Суеверное почитание доктора харктерно для русской крестьянской культуры[6]. Доктор может продлить жизнь; доктор владеет субстанцией жизни — доктор полезен в той же мере, в какой опасен. Но и «волшебный помощник» — это вредитель, захваченный в ресурс. Зависимость Панкеева от доктора Фрейда — то же самое, что зависимость Иванушки от Бабы-Яги. Панкеев «подсел» на Фрейда, вытягивая из него сначала советы, потом деньги. Он «удобно устроился» — оседлал ресурс. Почему доктор должен помогать пациенту? Потому что пациент не убил доктора. Пациент спас доктору жизнь, и доктор должен отплатить ему тем же.
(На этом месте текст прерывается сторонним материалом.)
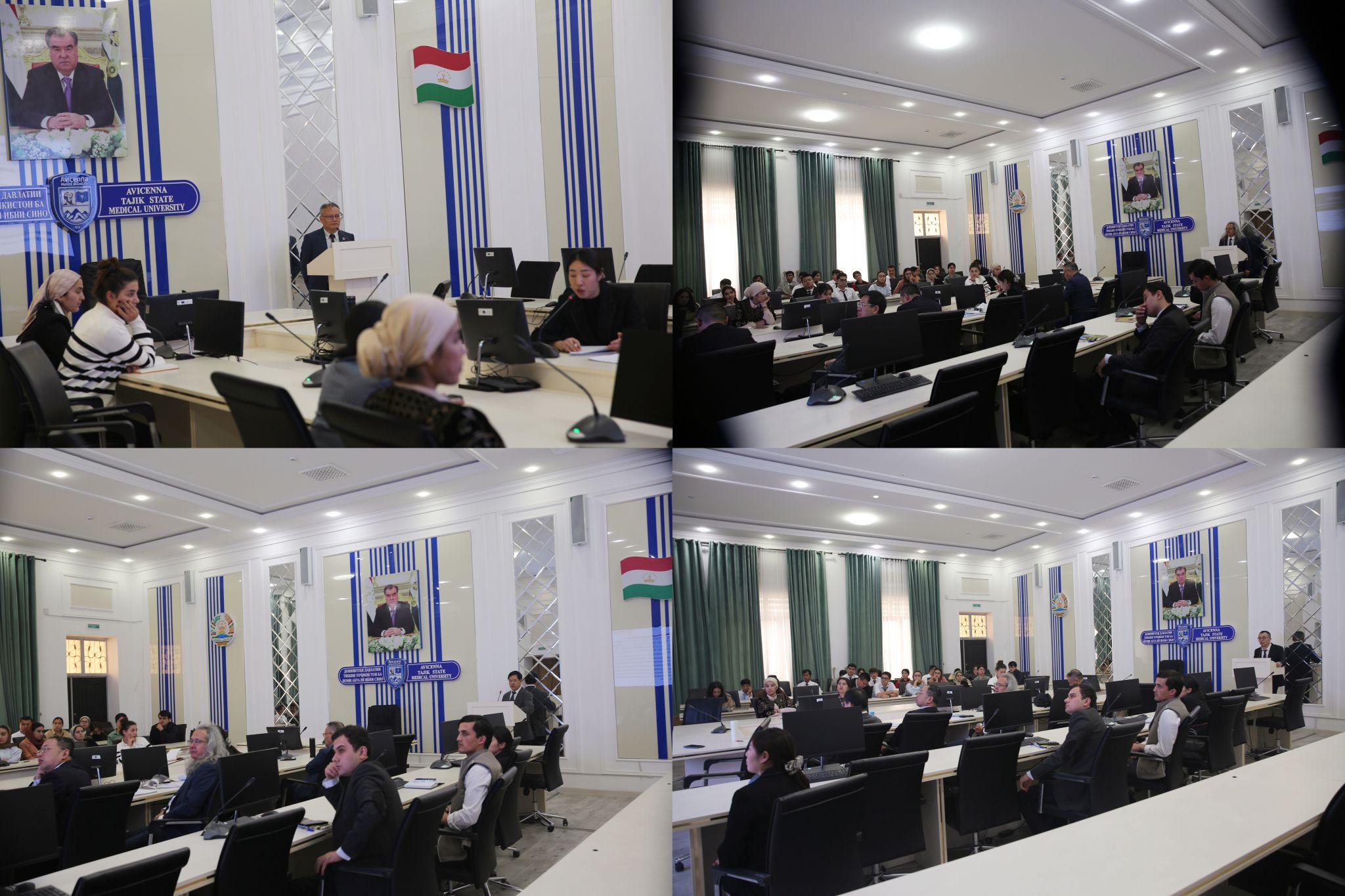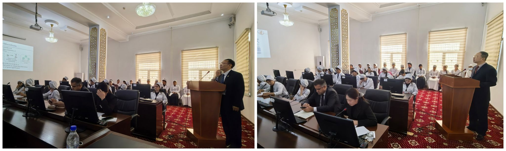 在阿维森纳塔吉克国立医科大学学术报告厅,严铸云教授和黄勤挽教授对药学专业师生作《微生物合成群落提升丹参药材品质研究》《胆黄连介导肠道菌群和短链脂肪酸代谢治疗2型糖尿病机制研究》的学术报告,启动本年度“岐黄中医课堂”线下教学活动。报告会由阿维森纳塔吉克国立医科大学药学院院长古尔马哈姆佐达·扎法尔教授主持。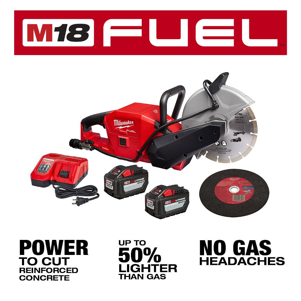 The Milwaukee M18 FUEL Brushless Cordless 9 in. Cut Off Saw with ONE-KEY is an extremely versatile solution for cutting a large variety of materials. The M18 FUEL 9 in. Cut Off Saw runs on Milwaukee's M18 REDLITHIUM batteries instead of using gas like most traditional cut off saws. This saw delivers the Power To Cut Reinforced Concrete as well as a large variety of other metal and masonry materials. It delivers this performance while still being Up To 50% Lighter Than Gas saws that dominate the market today. By utilizing Milwaukee's M18 REDLITHIUM HIGH OUTPUT HD12.0 Battery, this saw delivers No Gas Headaches. It produces no fumes so it can be used indoors, it starts up instantly, it eliminates the need to mix gas and oil and there is no gas engine maintenance. The battery will also work on any of Milwaukee's other 200+ M18 solutions. The M18 FUEL 9 in. Cut Off Saw also has ONE-KEY integrated so users can wirelessly connect the tool with their smartphone to track and manage the tool.

Панкеев — «русский пациент Фрейда». Позиция пациента неотделима от от его профессии «русский» (в соответствии с более поздним тезисом «Россия — бессознательное Запада»). Он рассказывает психоаналитикам о Пушкине и Лермонтове, декламирует в оригинале «Я вас любил...», рассуждает на темы русских пословиц. В сущности, он только обучает русским банальностям (занимаясь, в частности, преподаванием русского языка), но в этой деятельности он и находит свою идентичность. Русские разговоры о России предполагают присутствие непонимающего иностранца («Не поймет и не заметит гордый взор иноплеменный...»): если Россия — бессознательное Запада, то естественно, что иностранцы не понимают Россию. Преподавание России — конститутивный элемент русского: Фрейд ошибся, приняв урок учителя за исповедь пациента.

При этом главная профессия Панкеева (и дело, которым он зарабатывает на жизнь) — страховой агент. Существут страх, и Панкеев является его агентом. Будущее необеспечено: существуют войны, болезни, случайности судьбы, и поскольку гарантию будущего создают ресурсы, то существует дефицит ресурсов. Проблема не в том, что ресурсов мало, а в том, что ни один ресурс не о-беспечивает: если бы такой ресурс сущестовал, то «ресурсы» были бы не нужны.

Панкеев «порывается к женщине» (IN: 68). Durchbruch можно принять за сексуальный драйв, но он имеет другую логику: женщина — не объект «избыточного» желания, а средство удовлетворения необходимой потребности. Женщина — это ресурс, но, поскольку ресурс женщины необходимо обеспечивать, женщина — фактор подрыва ресурсов. Панкеев всегда платит женщинам (WM: 148): он не может получать удовольствие, если он не вкладывает в него деньги, он получает удовольствие от обеспечения удовольствия — подобно советской «затратной экономике», он вкладывает в Капиталовложения.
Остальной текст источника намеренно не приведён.